Elizabeth Sochko

Garden Rumor

If someone asks how you arrived, act surprised.

Act as if you have something

worth giving. A paper bag full of oranges

is an orchard. Is a place you must live in

livable. You sleep there. With someone

watching. You crawl backwards into the pool

at dusk. You pick yarrow for no reason

and impatiently. Think of home

with obvious longing. Your secrets grow

limbs here. Near the nettles, snakes.

Your white dress sways at the entrance.

It is not quiet, but you want to be quiet in it.

It is not empty, but you will bear nothing there.

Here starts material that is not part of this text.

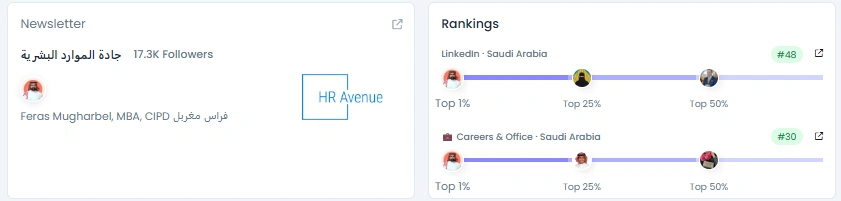 His followers jumped from about 40,200 to 65,300 in 13 months, signaling rapid organic growth in the Arabic HR audience. He ranks in the top 1 percent on LinkedIn Saudi Arabia and runs a newsletter with over 17,000 subscribers. Engagement quality is strong, with thoughtful comments and frequent shares of his templates. His posting rhythm centers on educational carousels and newsletter editions, which reliably generate discussion.
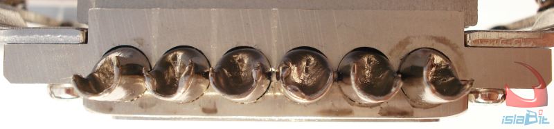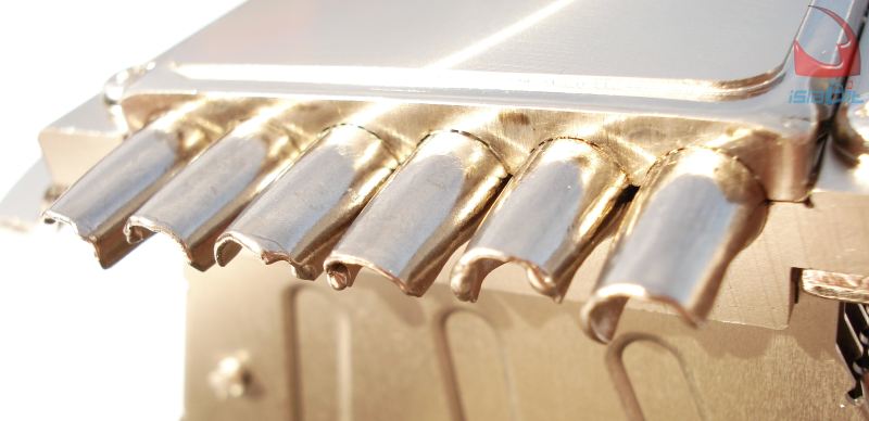 Disipador NOCTUA NH-C12P SE14. Detalle unión Heatpipes-Aletas, entrantes. Soldaduras I

When it is dark, you can still move in this darkness.

Field Notes 03

In the dream, I shoot a bird. You shoot
a bird. Torn like pulled taffy. The body,
the after-exhaustion. My muscles
don’t ache in place. Meaning, I’m used
to this surveillance. In the dream,
we lay motionless in a manicured garden.
All charm and moral code. In the cold
morning, a cardinal. In the days before
this one, we mistake the fountain
for shelter. Iron so ornate you could slit
your eyes on it. You could spill and spoil
right near the marigolds. The azaleas.
The poppies!


Elizabeth Sochko is a writer from South Carolina. She earned her MFA in Poetry from Sarah Lawrence College, where she worked as a poetry editor for LUMINA. She lives in New York.